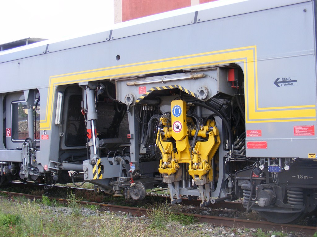 C'est le bras pour la 3ème file de rail. Ca sert à bourrer les appareils, pour soulever la voie déviée en même temps qu'on bourre la voie direct, très utile pour éviter de créer un gauche dans la voie dévié tout en bourrant la voie direct et ça permet également de bien caler la voie dévié depuis la voie direct avec le déport des groupes de bourrage.
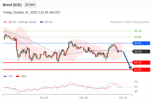交易策略: 在 64.50 之下,看跌,目标价位为 63.40 ,然后为 63.00 。
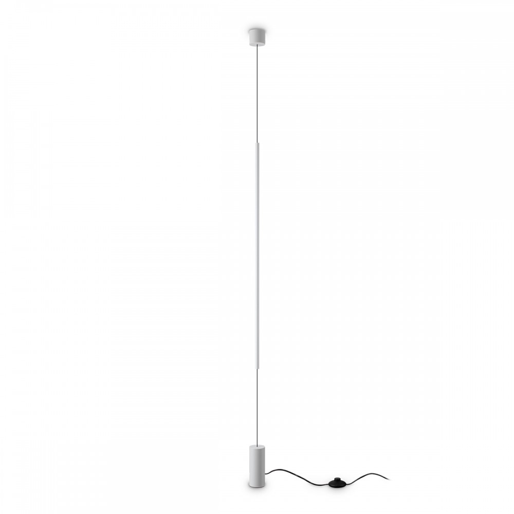 Dotata di sorgente LED integrata da 15W (3000K, 1600lm) inclusa, Filo garantisce efficienza energetica e comfort visivo. Il cavo nero in PVC con spina assicura massima libertà di posizionamento e facilità di installazione, mentre la base d’appoggio a terra e il diffusore dal diametro di 6 cm (altezza totale 200 cm) esprimono un’estetica versatile. Adatta come punto luce principale o d’accento, la Filo terra sospensione si integra perfettamente in soggiorno, camera da letto, studio e ingressi, così come in lounge e hotel.
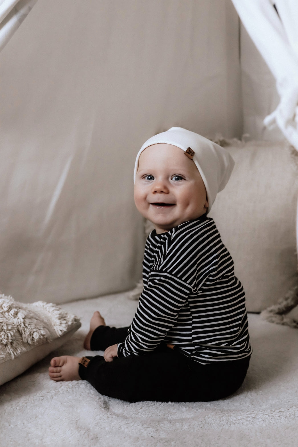 Pullover „Stripes Black & White“ – Handgefertigt aus Baumwolljersey
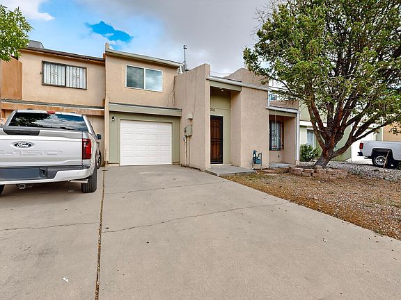 WELCOME TO A TOWNHOME THAT FEELS JUST RIGHT. Step inside this two-story Albuquerque casa and picture yourself curling up by the cozy fireplace in the living room. Enjoy easy maintenance with your modern tile and wood-look floors. The kitchen flows easily into the living space, making every gathering feel connected. Upstairs, two bedrooms and a full bath with a garden tub offer comfort and relaxation, while the downstairs half bath adds convenience. A large fenced backyard with shade is perfect for summer afternoons, pets, or a quiet garden, and the one-car garage adds practical ease. Move-in ready, this home is waiting for you--come see it today before it's gone! New roofing shingles installed August 2025!!!
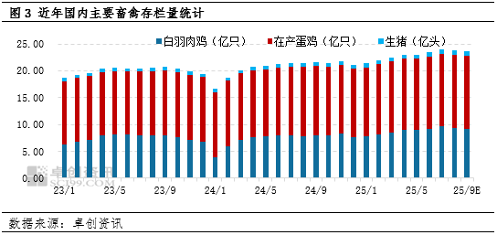 由于9月份受到开学季、中秋节需求拉动,畜禽产品行情上涨概率较大,畜禽行业存在集中出栏的习惯。卓创资讯预计9月份国内主要畜禽存栏量将降至23.62亿,环比降幅0.85%。其中,XM交易软件白羽肉鸡、在产蛋鸡均有不同程度下降,生猪存栏量环比增幅2.02%。由于新季玉米存在后熟期,畜禽养殖对陈粮仍有一定刚需,但难敌供应偏宽松的压力。

___

REQUIRED ACTION: Above are the records. Copy only the lines from the one with "交易策略: 在 64.50 之下,看跌,目标价位为 63.40 ,然后为 63.00 。" through the one with "Pullover „Stripes Black", exactly, with no pictures.

OUTPUT FOR THIS TASK:
交易策略: 在 64.50 之下,看跌,目标价位为 63.40 ,然后为 63.00 。
 Dotata di sorgente LED integrata da 15W (3000K, 1600lm) inclusa, Filo garantisce efficienza energetica e comfort visivo. Il cavo nero in PVC con spina assicura massima libertà di posizionamento e facilità di installazione, mentre la base d’appoggio a terra e il diffusore dal diametro di 6 cm (altezza totale 200 cm) esprimono un’estetica versatile. Adatta come punto luce principale o d’accento, la Filo terra sospensione si integra perfettamente in soggiorno, camera da letto, studio e ingressi, così come in lounge e hotel.
 Pullover „Stripes Black & White“ – Handgefertigt aus Baumwolljersey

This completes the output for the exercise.